▶ _RECORDS SHOWN_
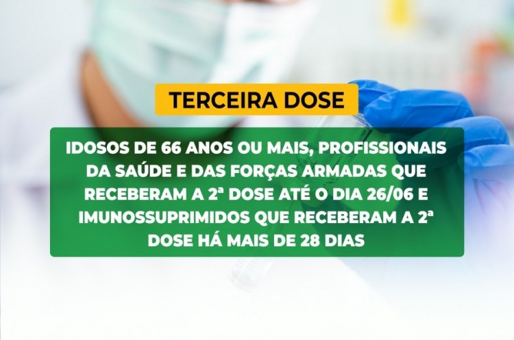 Saúde convoca idosos de 66 anos ou mais, profissionais da saúde, profissionais das forças armadas e pessoas com alto grau de imunossupressão para receberem a Terceira Dose da vacina contra o coronavírus
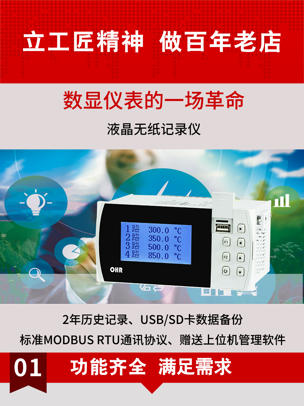 OHR-G100/G100R系列液晶漢顯控制儀/無紙記錄儀
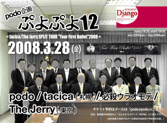 2008.03.28 (金) 熊本 Django [ぷよぷよ12] 〜tacica&The Jerry split tour "Tour First Ballet"2008〜 出演 ・podo ・tacica (札幌) ・The Jerry (東京) ・必殺ウラオモテ open18:30/start19:00 前売¥2000/当日¥2500 (ドリンク代別¥500) http://www.podo.cc/
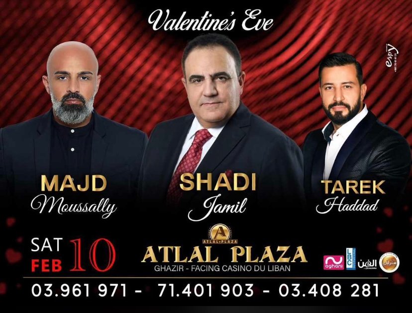 بمناسبة عيد العشاق، سهرة حب بامتياز في مطعم الأطلال بلازا – طبرجا، يحيها الفنان مجد موصلي و شادي جميل و طارق حداد ليلة ١٠ فبراير
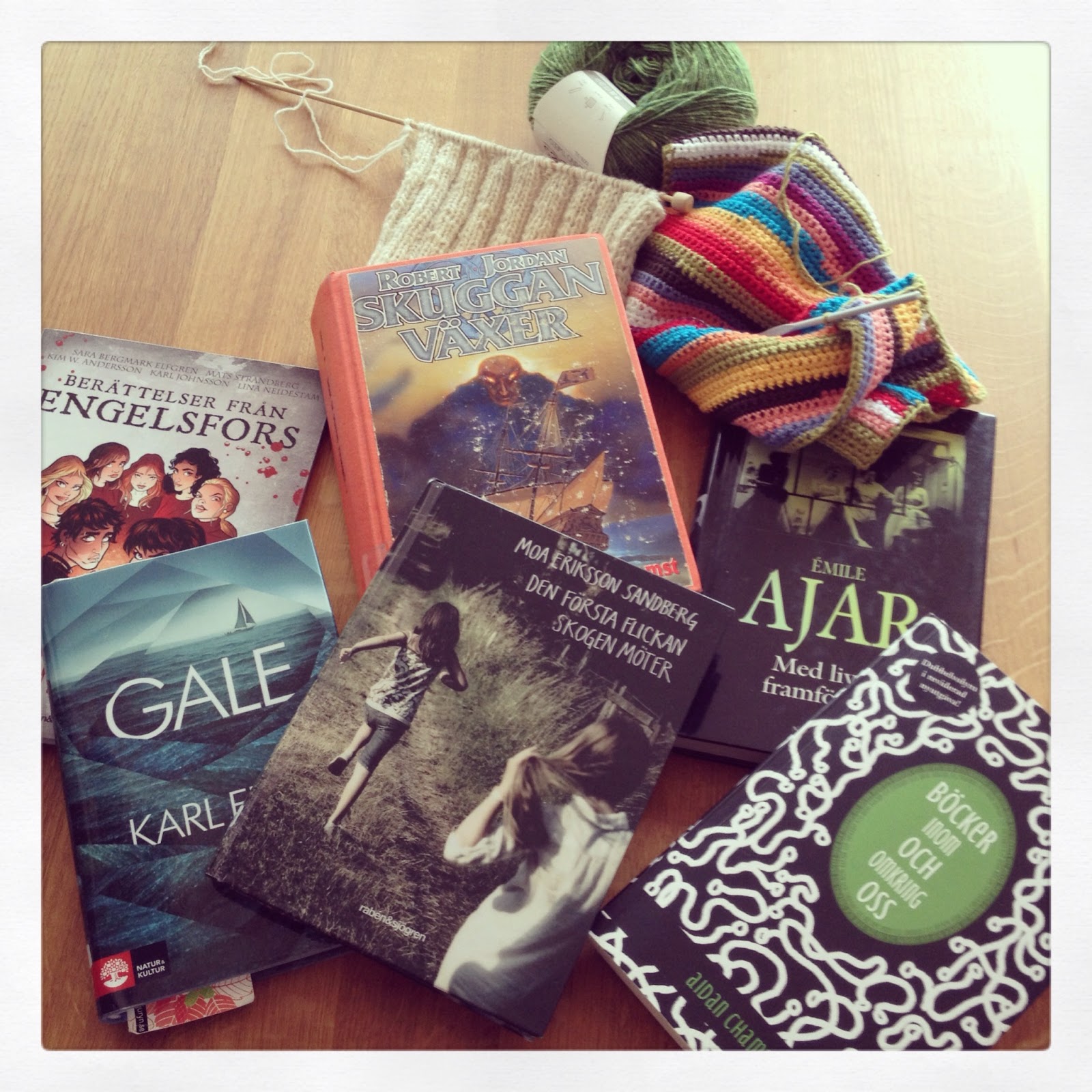 Jag har en bokcirkel tillsammans med ett gäng som jag pluggade med i Lund. Vi har hängt ihop i åtta år nu och träffas ungefär en gång i månaden. Med ojämna mellanrum ger vi oss av på övernattningsbokcirkel i en sommarstuga i Göingeskogarna och pratar om böcker, livet, virkning/stickning och mat. På ett ungefär. Och så läser, lever, virkar/stickar och äter vi en massa. I helgen var det dags igen. Mycket mycket fint! Och när vi la upp vårt tidsfördriv på bordet visade det sig vara en salig blandning. Det finns ingen mall för vad bibliotekarier ska läsa, helt enkelt. Härligt!
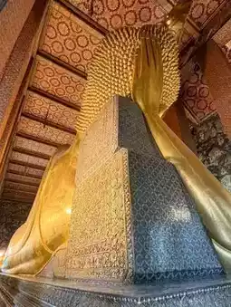 The Reclining Buddha at Wat Pho is one of Bangkok’s most iconic attractions, drawing thousands of visitors daily. This 46-meter-long, gold-covered Buddha symbolizes Nirvana and enlightenment, with its 5-meter-long feet inlaid with mother-of-pearl depicting 108 auspicious symbols. The temple complex also houses over 1,000 Buddha images and is famous as the birthplace of traditional Thai massage.
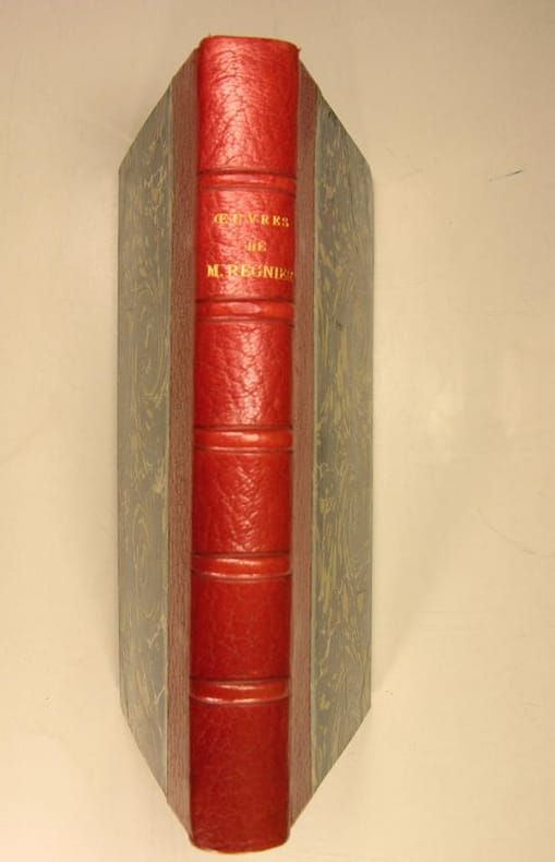 Paris Chez Th. Desoer, Libraire 1822 in 12 (14,5x8,5) 1 volume reliure plein veau lisse violine à long grain, roulette d'encadrement estampée à froid sur les plats avec un grand fleuron central estampé à froid, dos à nerfs orné de roulettes dorées et de fleurons estampés à froid, roulette dorée intérieure, roulette dorée sur les coupes, XLVIII et 402 pages [1], quelques petites rousseurs claires éparses sur les premiers cahiers. Reliure attribuable à l'atelier R. P. Gout. Gout et son fils étaient relieurs établis à Montpellier, place Notre-Dame, au milieu du XIXe siècle. Gout fils fut relieur et laveur de livres. Il trouva des procédés pour rendre au papier sa blancheur première sans en altérer la substance, et reçut pour cela une récompense à l'Exposition universelle de 1855. Mathurin Régnier, Chartres, 1573 - Rouen 1613, poète satirique français. Bel exemplaire, fine reliure romantique issue du meilleur atelier installé à Montpellier au XIXe siècle. Bel exemplaire, reliure très fraîche

▶ _EXERCISE OBJECTIVE_
Write out again exactly the lines from the start of the data above through the line containing "OHR-G100/G100R系列液晶漢顯控制儀/無紙記錄儀", inclusive, excluding any pictures.

▶ _COMPLETED TASK_
 Saúde convoca idosos de 66 anos ou mais, profissionais da saúde, profissionais das forças armadas e pessoas com alto grau de imunossupressão para receberem a Terceira Dose da vacina contra o coronavírus
 OHR-G100/G100R系列液晶漢顯控制儀/無紙記錄儀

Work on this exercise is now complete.